* **What the task requires**: The listing, minus its pictures, is to be given again exactly.
● ● ● ● ●
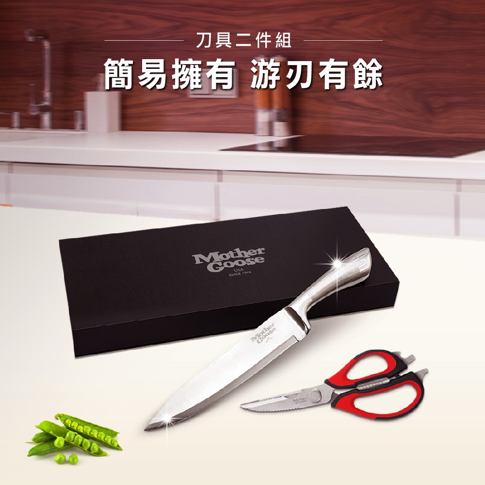 【美國MotherGoose鵝媽媽】食品級420不鏽鋼 二件刀具組 主廚刀+多功能廚房料理剪刀
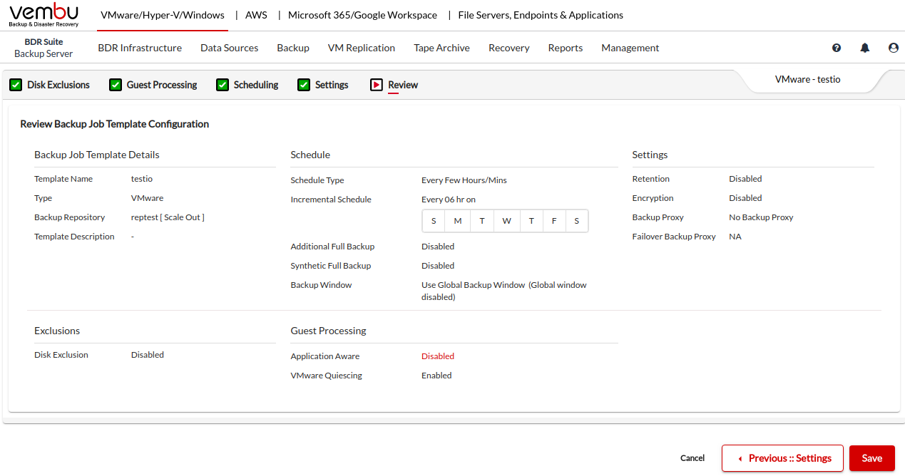 Once done you can review all the configuration and save the Backup Job Template.
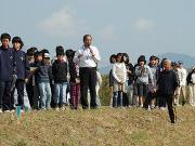 その後、当会が中心となって越冬地整備を行っている江ノ村地区に移動して、ツルを呼び寄せるための模型「デコイ」の設置作業を手伝い、普段間近で観察することのできないツルの大きさや体の特徴などを体感。また、整備箇所周辺で休耕田を水田に戻し有機農業を実践している福留壮氏による、ツル保護活動と農業との密接な関係についての話に耳を傾けました。福留氏は、農薬等が水生生物に蓄積され食物連鎖でツルや人間などに害を及ぼす可能性について触れ、人間の活動(農業等)と生き物が共存できることが重要であると語ってくれました。
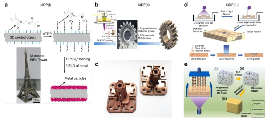 △通过将活性引发剂集成到打印材料中实现的3D打印电子产品。图片来自Springer Nature。
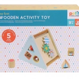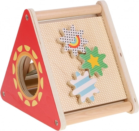 Le jouet comprend divers trous découpés pour insérer des formes et des engrenages pour développer la motricité fine.
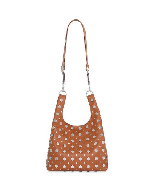 Studded hardware brightly shines against the faux-leather silhouette of a shopper tote boasting a roomy interior to suit your everyday needs. 14"H x 14"W x 4 1/2"D Magnetic frame closure<br type="_moz"> Removable, adjustable shoulder strap<br type="_moz"> Lined Synthetic Imported Color: brown
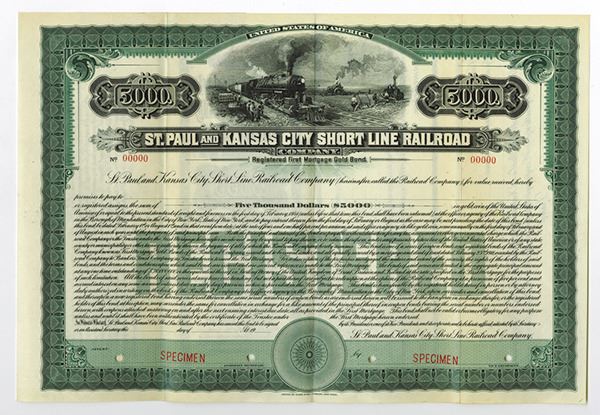 Iowa. £100 Specimen 4 1/2% Registered 1st Mortgage Gold Coupon Bond, Black print on olive green border and under tint on horizontal format, Locomotive at top passing men plowing field, Specimen overprints and POC's, VF-XF condition, ABNC.
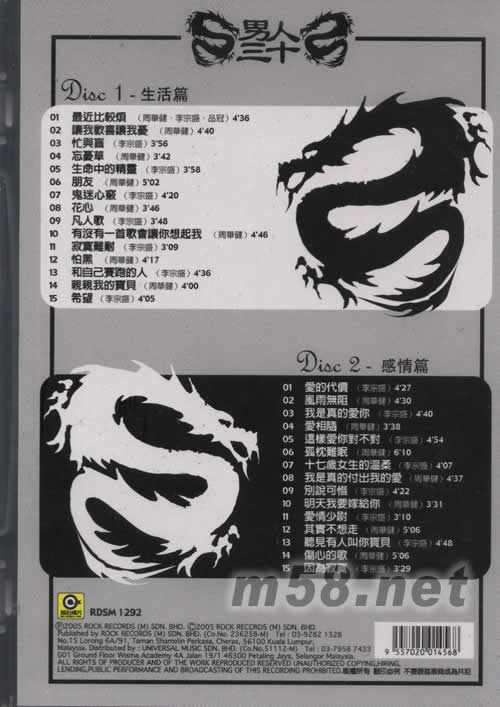 男人三十專輯背面圖片
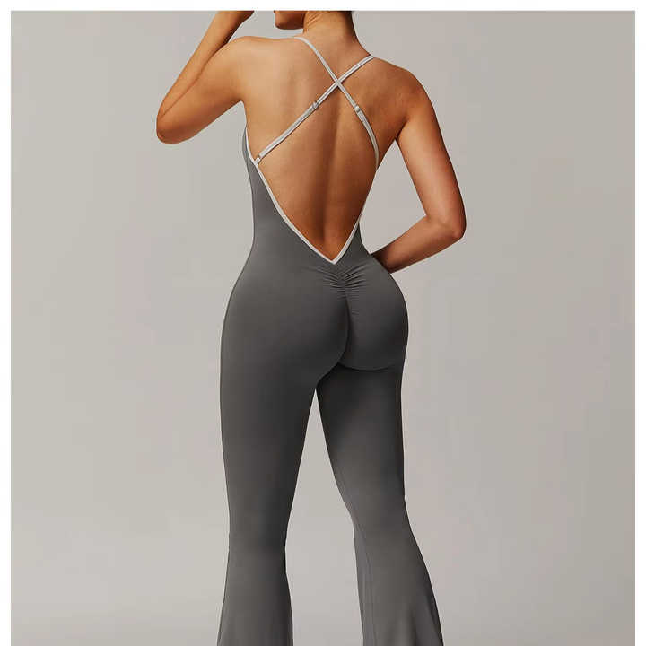 จั๊มสูทโยคะแบบชิ้นเดียวสำหรับสาวสูง กระชับสะโพก ทรงขาบาน รับสกรีนโลโก้ ชุดออกกำลังกาย
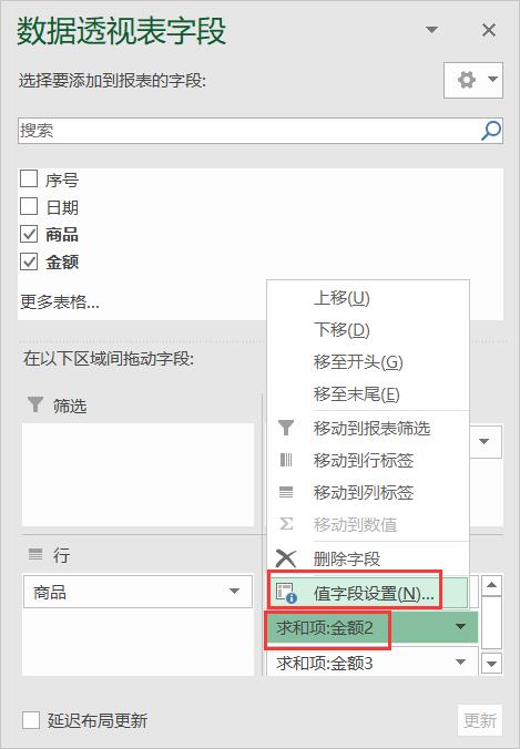 为了计算比例,我们单击“合计项目:金额2”,然后单击“值字段设置”。
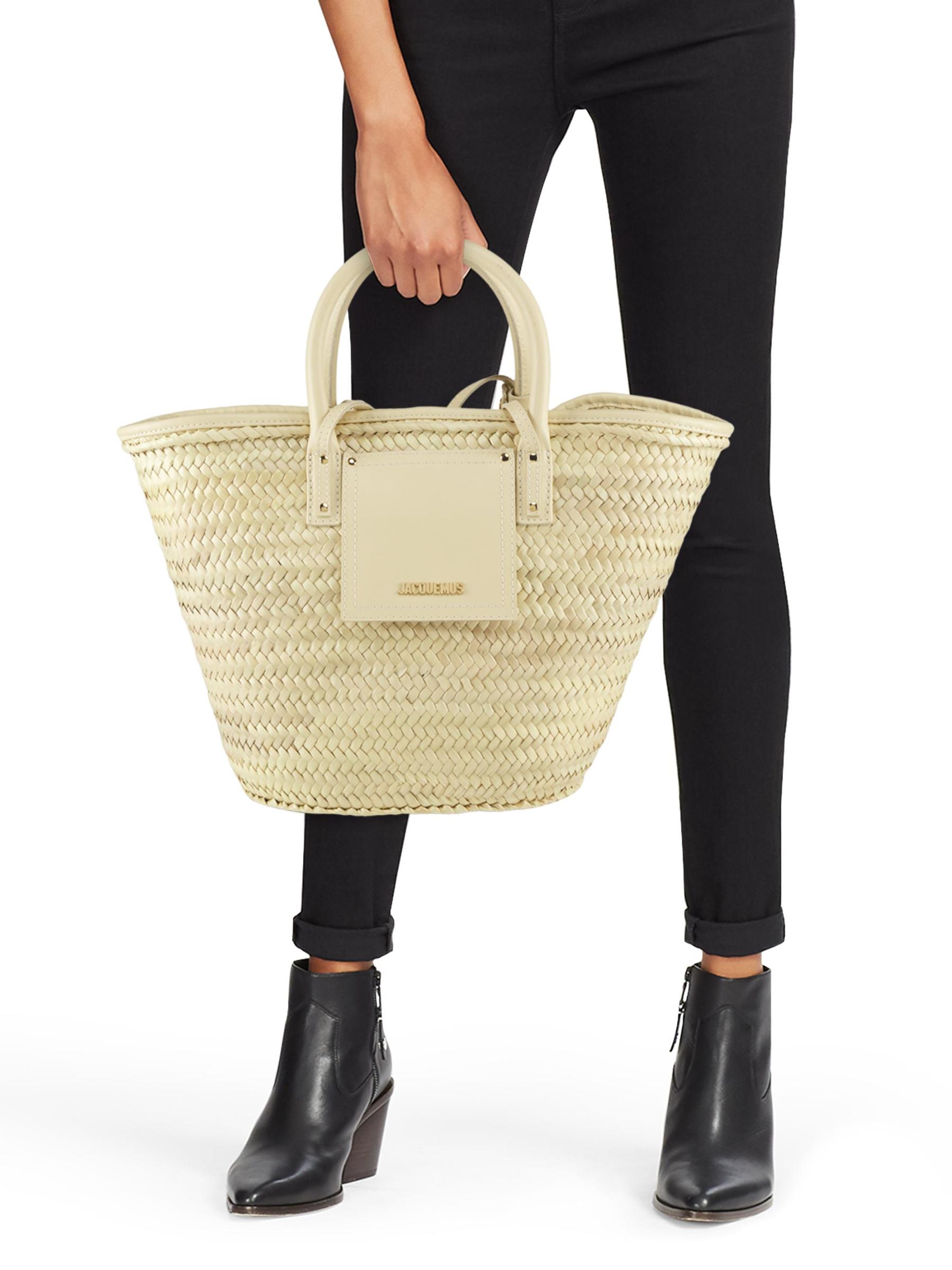 حقيبة Le Panier Soli من Jacquemus مصنوعة من القش المنسوج بتفاصيل جلدية ناعمة. صُنع هذا الطراز الشاطئي في إيطاليا، وتم تفصيله بحروف الشعار باللون الذهبي.
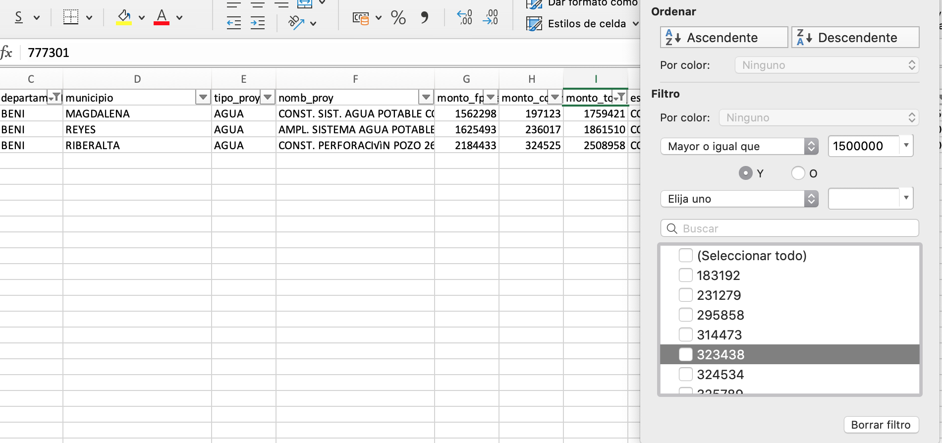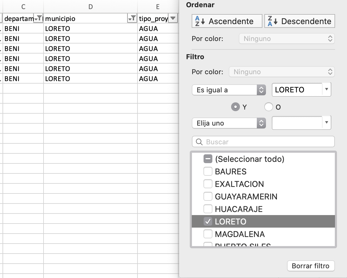 Combinar filtros de texto y número
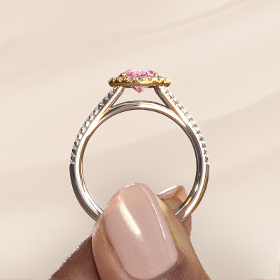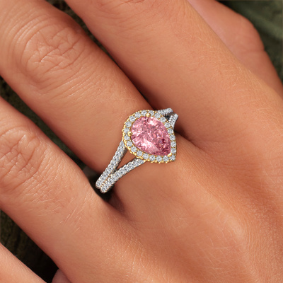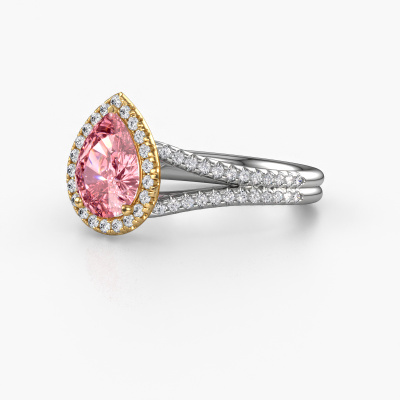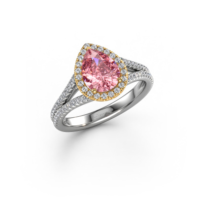 The ring shown above is called the Verla pear 2. We call this type of ring a halo ring because it has one centre gemstone and a band that is also pave set with gemstones. The 14 Carat white gold engagement ring is set with a pear 8x6 mm pink lab grown diamond centre stone and the band is pave set with diamonds. What makes this exclusive white gold halo ring special are the smaller sized stones embracing the centre stone. This gorgeous engagement ring is called a halo ring because the smaller gemstones give the centre stone a halo of surrounding light. In order for the smaller stones to enhance the centre stone, they have to be placed so there is no interference of light. And that's when our expert goldsmiths come in. Each individual stone is carefully set in the ring by hand. During manufacturing, light fall is constantly monitored to make sure the special halo is still visible. In the end you get a unique engagement ring, with a pink lab grown diamond of your choosing at its centre. You can imagine the effect of a ring of such significance when you give it to her on her special day to shine. After receiving your order, our goldsmiths will passionately start the creative process of making your engagement ring in our own studio. Because we don't have a big stockpile, these costs will not be passed on to you. Our pricing is proof of that! We offer top quality jewels at lowest price, guaranteed.Our designers and goldsmiths work together each day, creating new jewels. Perhaps you have found a nice exclusive engagement ring somewhere, which can be used to customize your unique ring. Please feel free to contact us. We will make you an offer, based on a fair price/ quality ratio, which will amaze you.To make it easier for you, we offer a 30 day return policy. Check our terms and conditions.
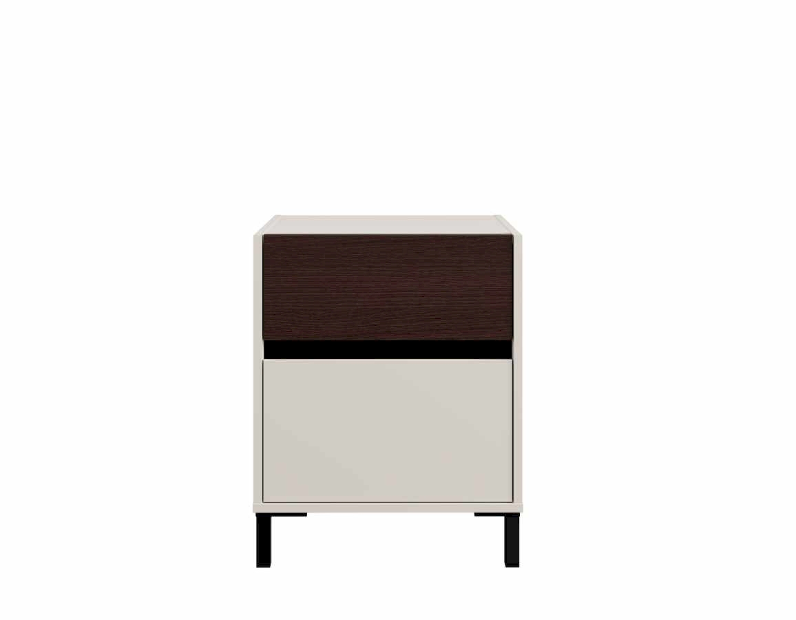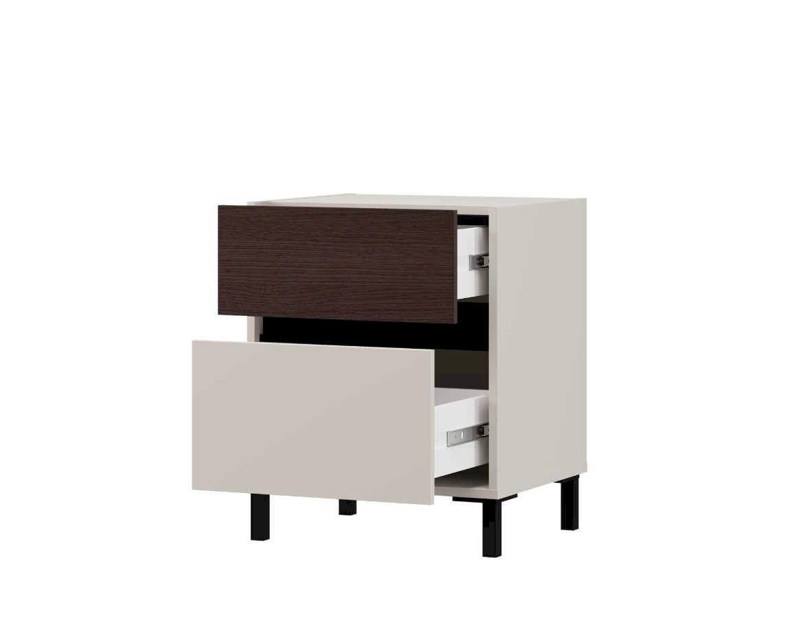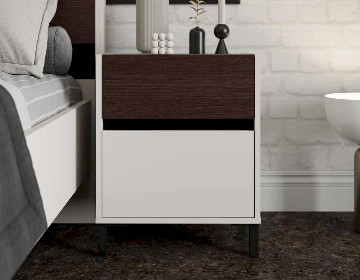 Noćni ormarić s dvije ladice modernog i minimalističkog dizajna s kontrasnim detaljima.
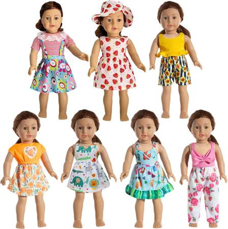 HOAKWA American 18 Inch Doll Clothes - 18 Inch Doll Clothes Accessories Fit American Dolls, 7 Set American Doll Outfits Dress, 18" American Doll Clothes and Accessories with Hat (Not Include The Doll)
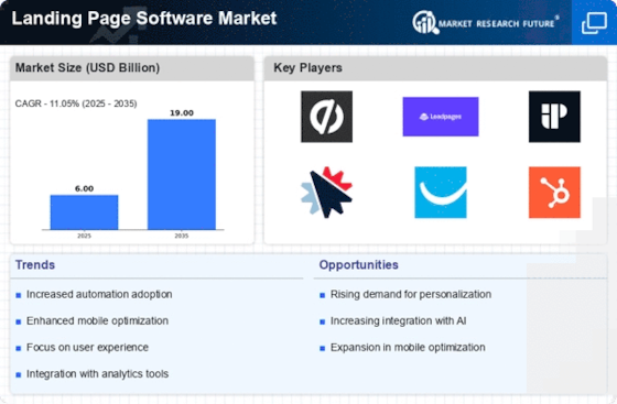 The heightened focus on customer engagement is a significant driver for the Landing Page Software Market. Businesses are recognizing that engaging customers effectively can lead to improved loyalty and retention rates. As a result, there is a growing investment in tools that enhance user interaction, including landing page software. Research indicates that companies that prioritize customer engagement experience higher conversion rates and overall satisfaction. This trend suggests that the Landing Page Software Market will continue to thrive as organizations seek to create compelling landing pages that foster meaningful connections with their audiences.
● ● ● ● ●
* **Reply to the task**:
 【美國MotherGoose鵝媽媽】食品級420不鏽鋼 二件刀具組 主廚刀+多功能廚房料理剪刀
 Once done you can review all the configuration and save the Backup Job Template.
 その後、当会が中心となって越冬地整備を行っている江ノ村地区に移動して、ツルを呼び寄せるための模型「デコイ」の設置作業を手伝い、普段間近で観察することのできないツルの大きさや体の特徴などを体感。また、整備箇所周辺で休耕田を水田に戻し有機農業を実践している福留壮氏による、ツル保護活動と農業との密接な関係についての話に耳を傾けました。福留氏は、農薬等が水生生物に蓄積され食物連鎖でツルや人間などに害を及ぼす可能性について触れ、人間の活動(農業等)と生き物が共存できることが重要であると語ってくれました。
 △通过将活性引发剂集成到打印材料中实现的3D打印电子产品。图片来自Springer Nature。
 Le jouet comprend divers trous découpés pour insérer des formes et des engrenages pour développer la motricité fine.
 Studded hardware brightly shines against the faux-leather silhouette of a shopper tote boasting a roomy interior to suit your everyday needs. 14"H x 14"W x 4 1/2"D Magnetic frame closure<br type="_moz"> Removable, adjustable shoulder strap<br type="_moz"> Lined Synthetic Imported Color: brown
 Iowa. £100 Specimen 4 1/2% Registered 1st Mortgage Gold Coupon Bond, Black print on olive green border and under tint on horizontal format, Locomotive at top passing men plowing field, Specimen overprints and POC's, VF-XF condition, ABNC.
 男人三十專輯背面圖片
 จั๊มสูทโยคะแบบชิ้นเดียวสำหรับสาวสูง กระชับสะโพก ทรงขาบาน รับสกรีนโลโก้ ชุดออกกำลังกาย
 为了计算比例,我们单击“合计项目:金额2”,然后单击“值字段设置”。
 حقيبة Le Panier Soli من Jacquemus مصنوعة من القش المنسوج بتفاصيل جلدية ناعمة. صُنع هذا الطراز الشاطئي في إيطاليا، وتم تفصيله بحروف الشعار باللون الذهبي.
 Combinar filtros de texto y número
 The ring shown above is called the Verla pear 2. We call this type of ring a halo ring because it has one centre gemstone and a band that is also pave set with gemstones. The 14 Carat white gold engagement ring is set with a pear 8x6 mm pink lab grown diamond centre stone and the band is pave set with diamonds. What makes this exclusive white gold halo ring special are the smaller sized stones embracing the centre stone. This gorgeous engagement ring is called a halo ring because the smaller gemstones give the centre stone a halo of surrounding light. In order for the smaller stones to enhance the centre stone, they have to be placed so there is no interference of light. And that's when our expert goldsmiths come in. Each individual stone is carefully set in the ring by hand. During manufacturing, light fall is constantly monitored to make sure the special halo is still visible. In the end you get a unique engagement ring, with a pink lab grown diamond of your choosing at its centre. You can imagine the effect of a ring of such significance when you give it to her on her special day to shine. After receiving your order, our goldsmiths will passionately start the creative process of making your engagement ring in our own studio. Because we don't have a big stockpile, these costs will not be passed on to you. Our pricing is proof of that! We offer top quality jewels at lowest price, guaranteed.Our designers and goldsmiths work together each day, creating new jewels. Perhaps you have found a nice exclusive engagement ring somewhere, which can be used to customize your unique ring. Please feel free to contact us. We will make you an offer, based on a fair price/ quality ratio, which will amaze you.To make it easier for you, we offer a 30 day return policy. Check our terms and conditions.
 Noćni ormarić s dvije ladice modernog i minimalističkog dizajna s kontrasnim detaljima.
 HOAKWA American 18 Inch Doll Clothes - 18 Inch Doll Clothes Accessories Fit American Dolls, 7 Set American Doll Outfits Dress, 18" American Doll Clothes and Accessories with Hat (Not Include The Doll)
 The heightened focus on customer engagement is a significant driver for the Landing Page Software Market. Businesses are recognizing that engaging customers effectively can lead to improved loyalty and retention rates. As a result, there is a growing investment in tools that enhance user interaction, including landing page software. Research indicates that companies that prioritize customer engagement experience higher conversion rates and overall satisfaction. This trend suggests that the Landing Page Software Market will continue to thrive as organizations seek to create compelling landing pages that foster meaningful connections with their audiences.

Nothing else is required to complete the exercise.